Data extract
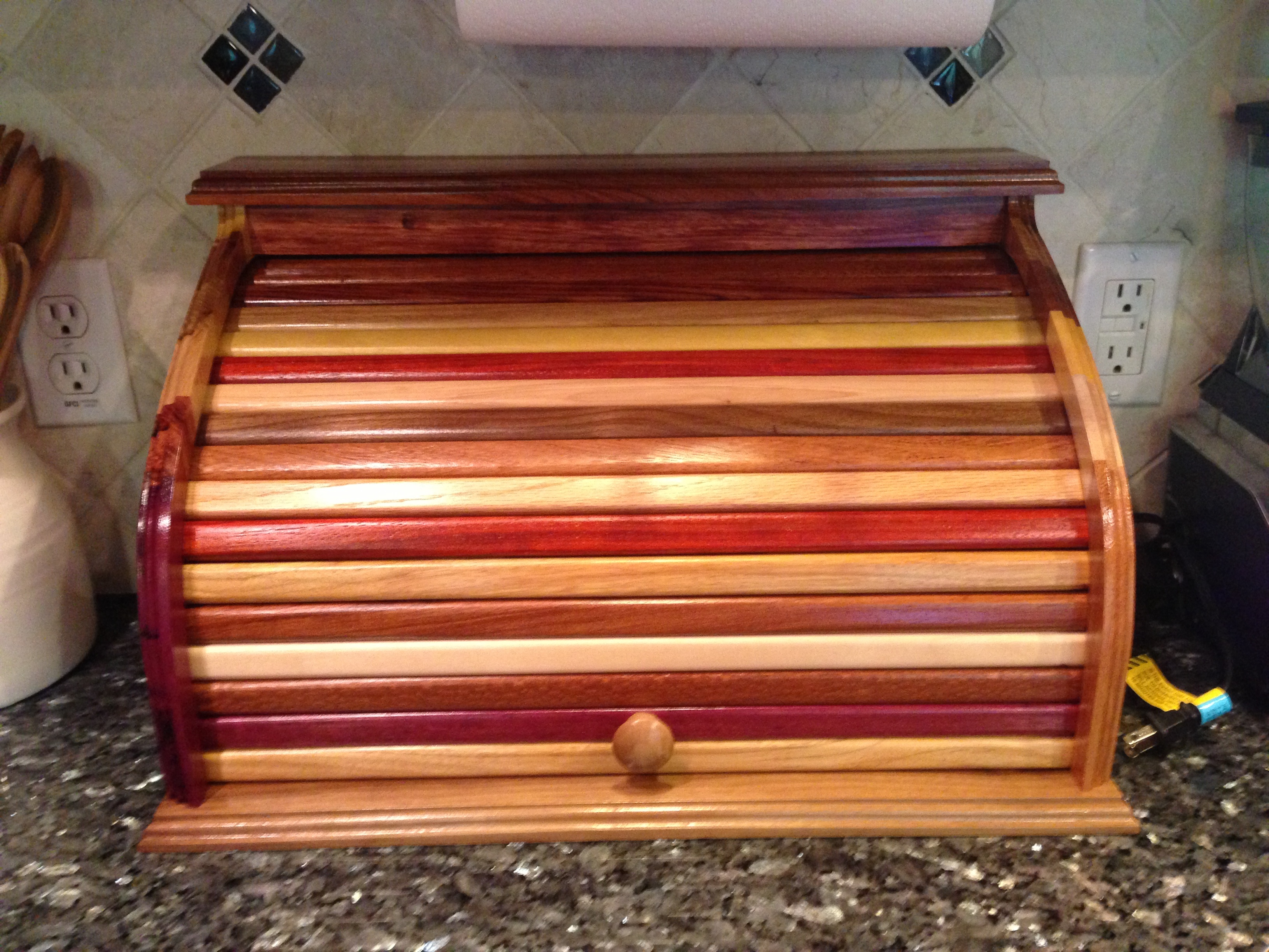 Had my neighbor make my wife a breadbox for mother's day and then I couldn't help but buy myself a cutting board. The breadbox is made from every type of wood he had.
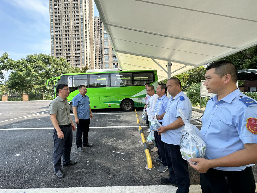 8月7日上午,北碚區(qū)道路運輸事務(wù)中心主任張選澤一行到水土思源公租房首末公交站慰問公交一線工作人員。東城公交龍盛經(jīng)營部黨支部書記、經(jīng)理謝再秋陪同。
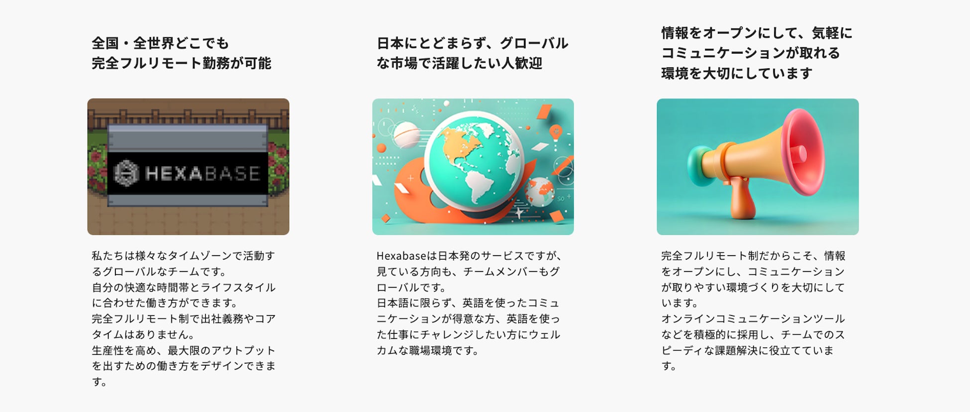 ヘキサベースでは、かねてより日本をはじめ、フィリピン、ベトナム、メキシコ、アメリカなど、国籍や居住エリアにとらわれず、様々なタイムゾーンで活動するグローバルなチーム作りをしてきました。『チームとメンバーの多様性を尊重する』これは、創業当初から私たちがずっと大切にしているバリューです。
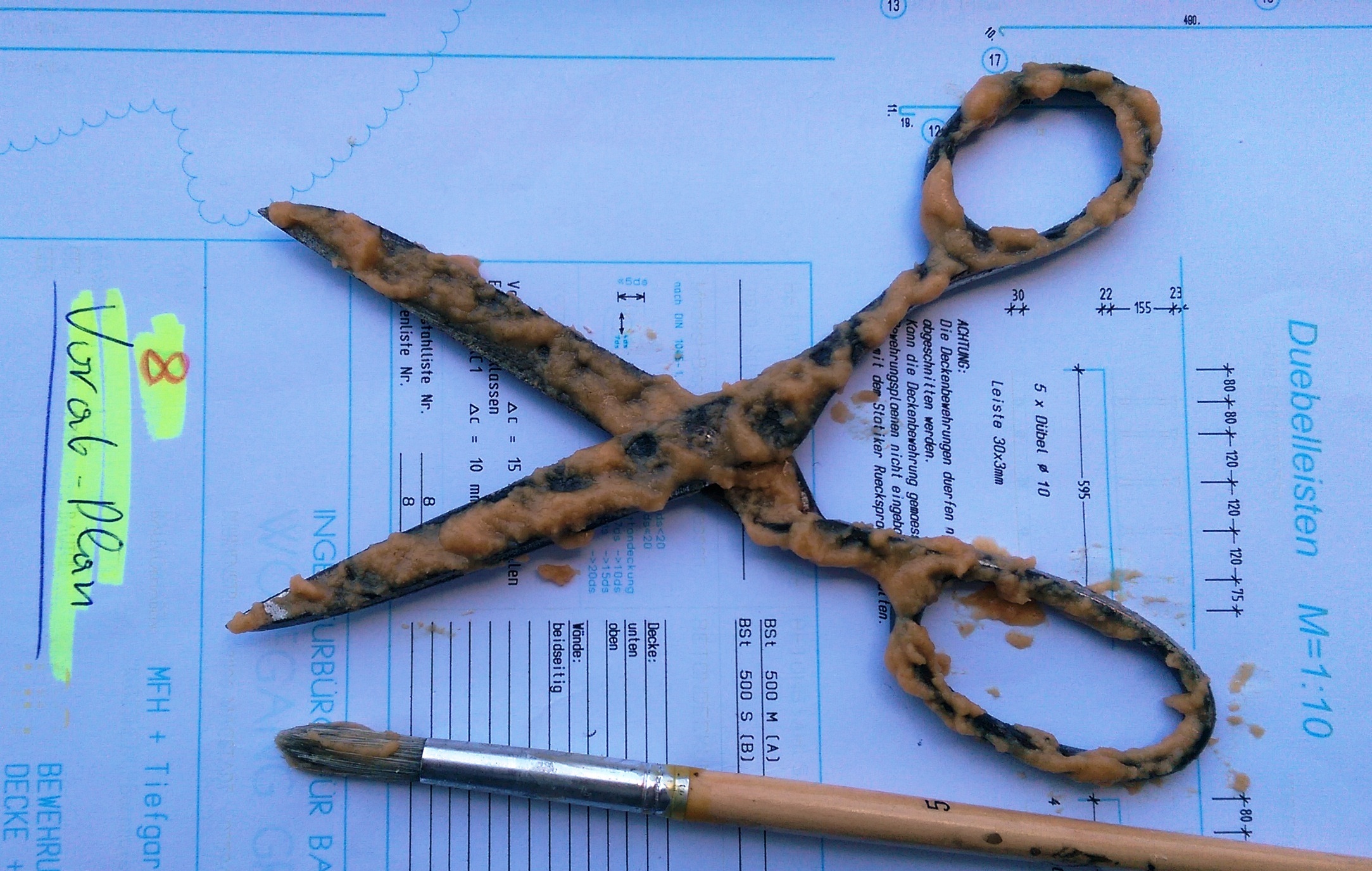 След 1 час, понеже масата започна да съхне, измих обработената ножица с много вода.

What you will do
The whole listing should be restated word for word, with no pictures.

Expected output
 Had my neighbor make my wife a breadbox for mother's day and then I couldn't help but buy myself a cutting board. The breadbox is made from every type of wood he had.
 8月7日上午,北碚區(qū)道路運輸事務(wù)中心主任張選澤一行到水土思源公租房首末公交站慰問公交一線工作人員。東城公交龍盛經(jīng)營部黨支部書記、經(jīng)理謝再秋陪同。
 ヘキサベースでは、かねてより日本をはじめ、フィリピン、ベトナム、メキシコ、アメリカなど、国籍や居住エリアにとらわれず、様々なタイムゾーンで活動するグローバルなチーム作りをしてきました。『チームとメンバーの多様性を尊重する』これは、創業当初から私たちがずっと大切にしているバリューです。
 След 1 час, понеже масата започна да съхне, измих обработената ножица с много вода.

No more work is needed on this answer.